The data
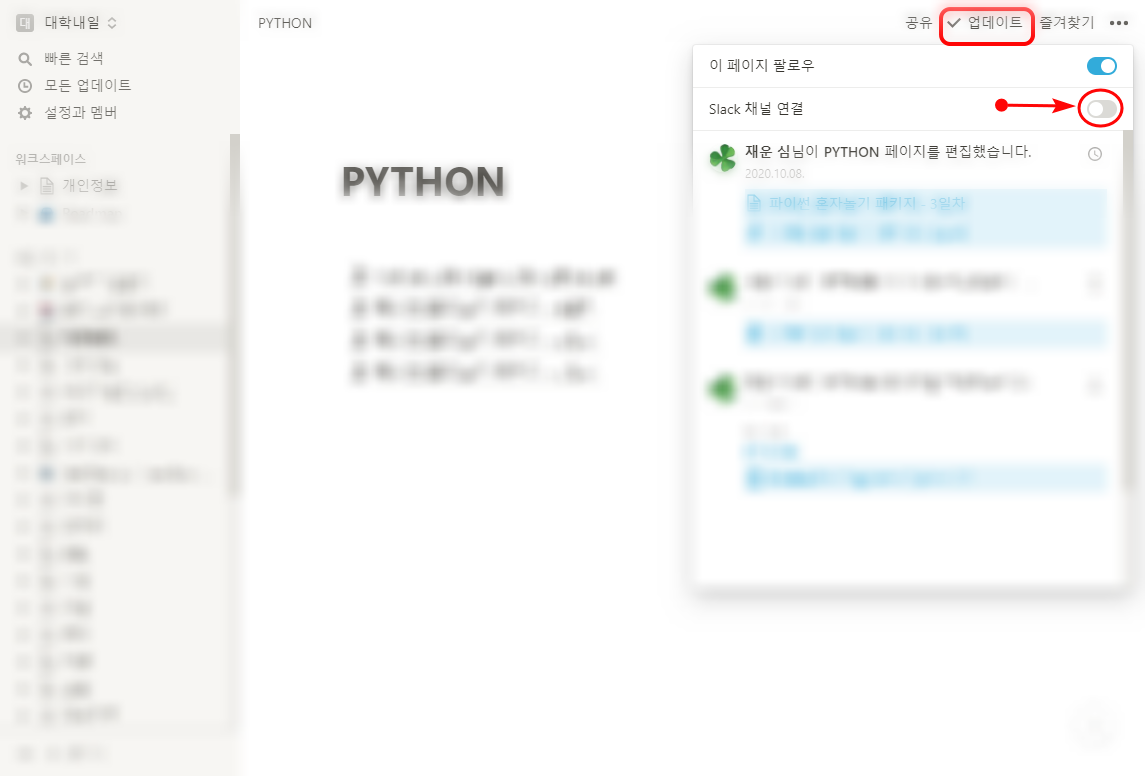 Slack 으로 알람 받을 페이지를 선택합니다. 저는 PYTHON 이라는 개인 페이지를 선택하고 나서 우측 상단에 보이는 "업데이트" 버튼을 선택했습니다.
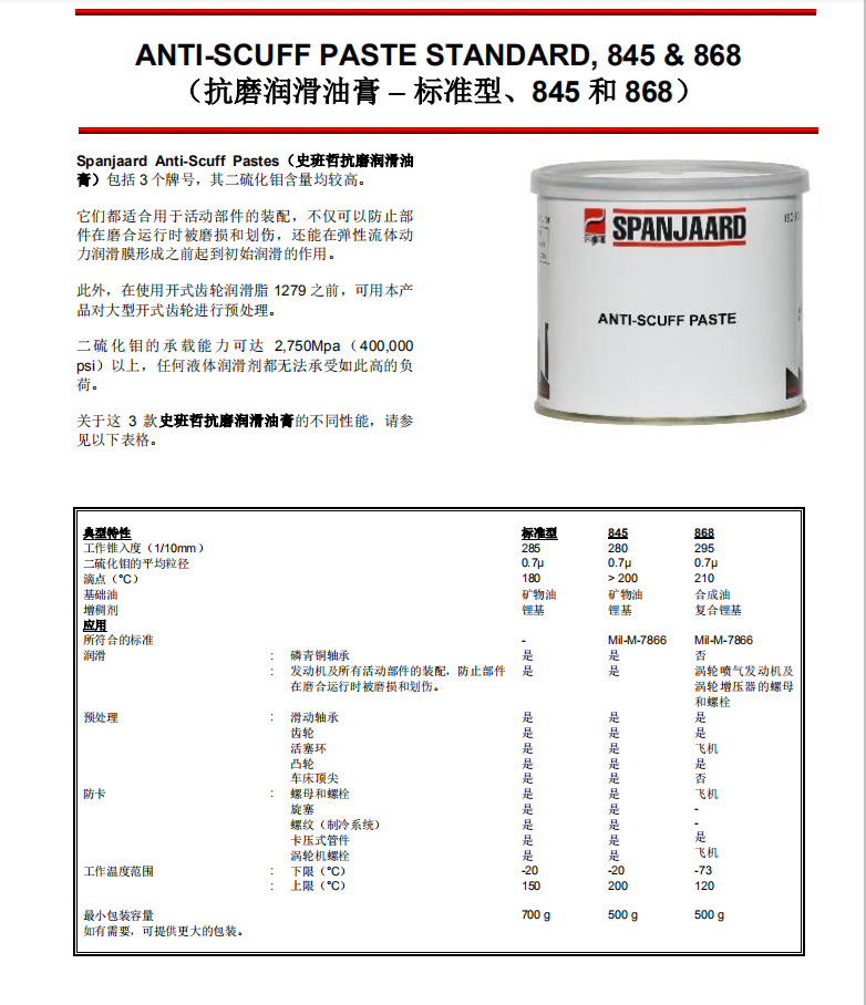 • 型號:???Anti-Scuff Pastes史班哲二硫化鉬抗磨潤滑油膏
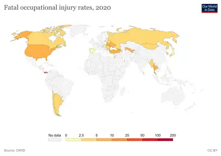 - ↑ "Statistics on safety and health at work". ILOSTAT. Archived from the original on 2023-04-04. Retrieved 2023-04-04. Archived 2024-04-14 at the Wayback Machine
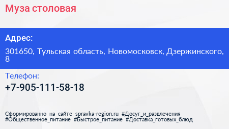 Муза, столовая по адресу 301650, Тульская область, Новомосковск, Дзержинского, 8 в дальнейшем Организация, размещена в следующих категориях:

...

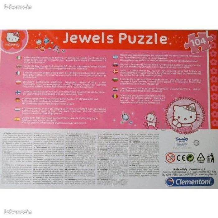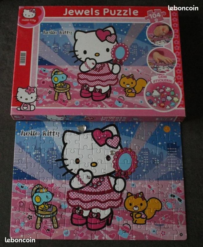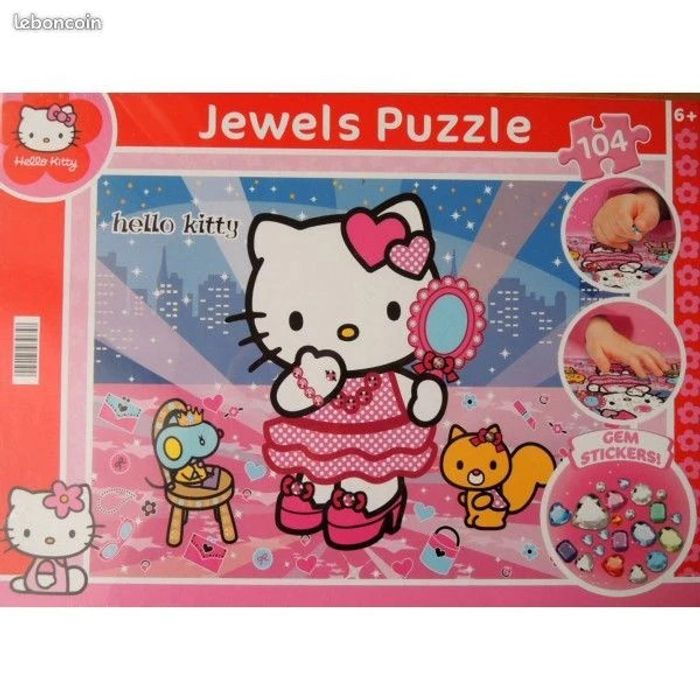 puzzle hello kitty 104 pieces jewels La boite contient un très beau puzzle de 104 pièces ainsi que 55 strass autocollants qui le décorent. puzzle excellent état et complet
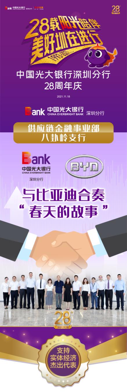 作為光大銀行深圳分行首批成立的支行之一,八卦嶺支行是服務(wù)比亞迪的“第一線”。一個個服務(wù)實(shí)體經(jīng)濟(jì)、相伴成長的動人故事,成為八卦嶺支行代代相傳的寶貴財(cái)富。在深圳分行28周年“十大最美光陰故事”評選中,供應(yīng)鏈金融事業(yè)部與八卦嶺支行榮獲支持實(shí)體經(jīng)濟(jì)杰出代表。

==

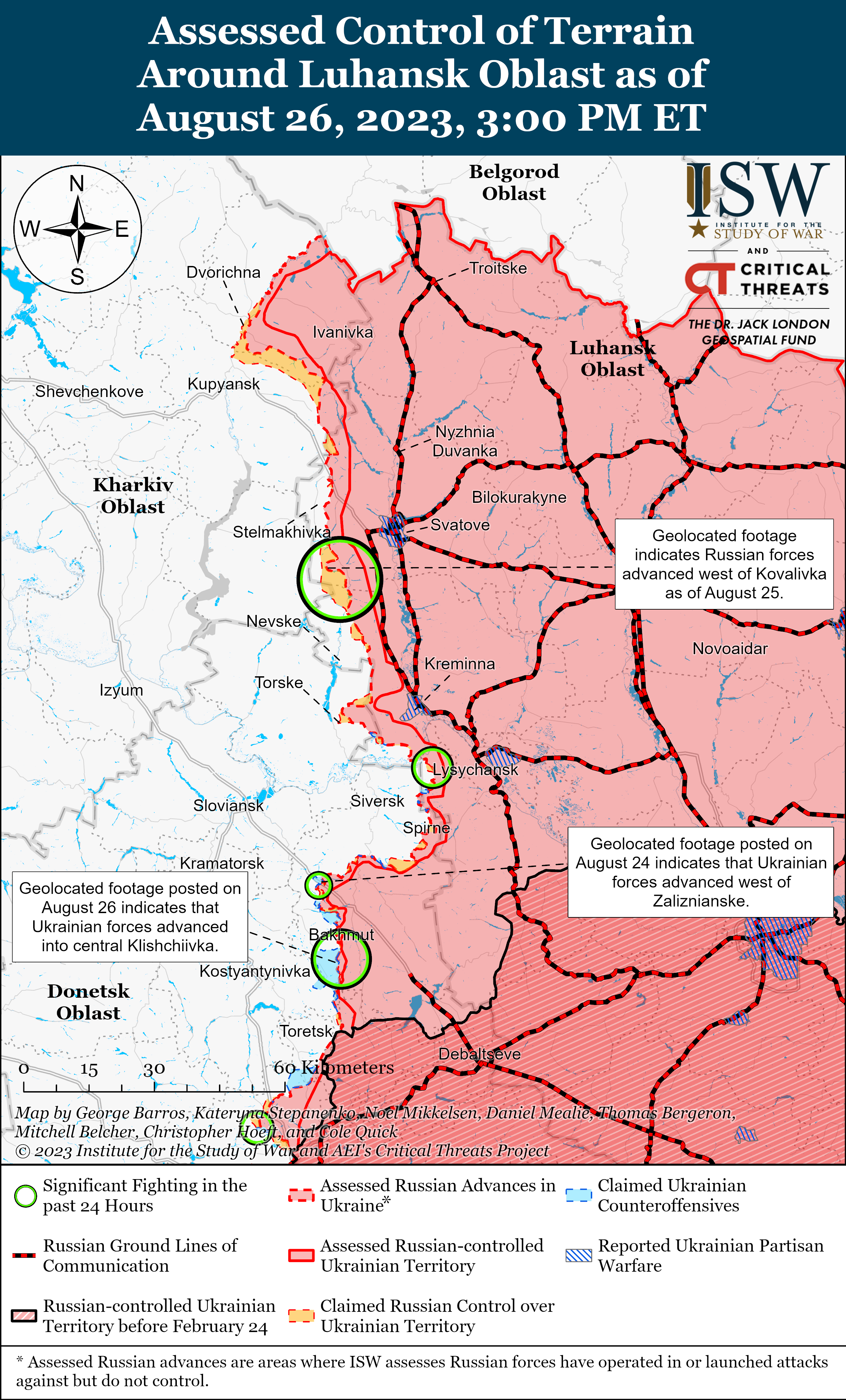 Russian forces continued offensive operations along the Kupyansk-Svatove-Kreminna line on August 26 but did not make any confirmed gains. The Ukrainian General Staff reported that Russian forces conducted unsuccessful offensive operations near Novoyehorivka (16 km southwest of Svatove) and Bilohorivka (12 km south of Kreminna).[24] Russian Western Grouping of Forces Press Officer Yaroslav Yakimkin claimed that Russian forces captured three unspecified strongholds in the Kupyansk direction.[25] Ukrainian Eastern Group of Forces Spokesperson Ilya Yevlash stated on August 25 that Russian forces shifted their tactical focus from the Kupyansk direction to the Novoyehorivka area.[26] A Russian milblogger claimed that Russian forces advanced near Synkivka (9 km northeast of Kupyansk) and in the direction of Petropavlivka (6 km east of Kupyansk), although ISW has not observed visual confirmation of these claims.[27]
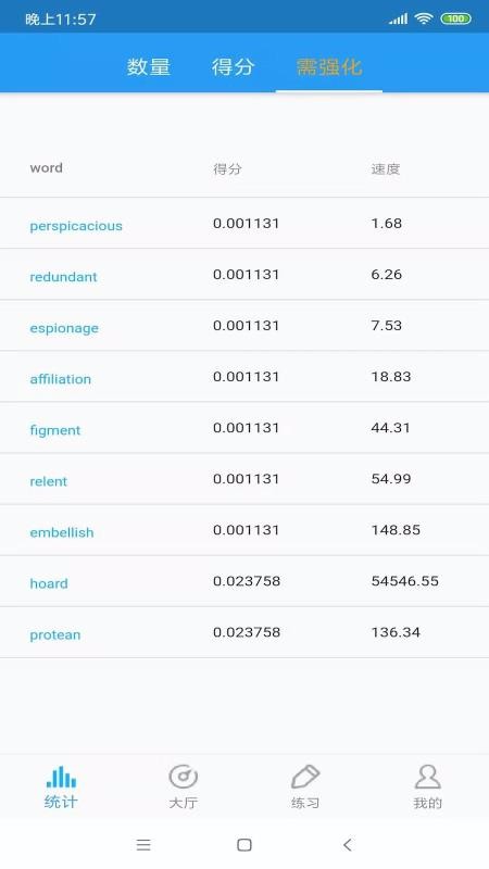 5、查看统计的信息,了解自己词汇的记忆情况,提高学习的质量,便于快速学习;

Goal of the exercise
Skipping the pictures, print the lines in the listing above exactly as written, starting at the line with "Slack 으로 알람" and ending at the line with "Муза, столовая по", both included.

Exercise output
 Slack 으로 알람 받을 페이지를 선택합니다. 저는 PYTHON 이라는 개인 페이지를 선택하고 나서 우측 상단에 보이는 "업데이트" 버튼을 선택했습니다.
 • 型號:???Anti-Scuff Pastes史班哲二硫化鉬抗磨潤滑油膏
 - ↑ "Statistics on safety and health at work". ILOSTAT. Archived from the original on 2023-04-04. Retrieved 2023-04-04. Archived 2024-04-14 at the Wayback Machine
 Муза, столовая по адресу 301650, Тульская область, Новомосковск, Дзержинского, 8 в дальнейшем Организация, размещена в следующих категориях:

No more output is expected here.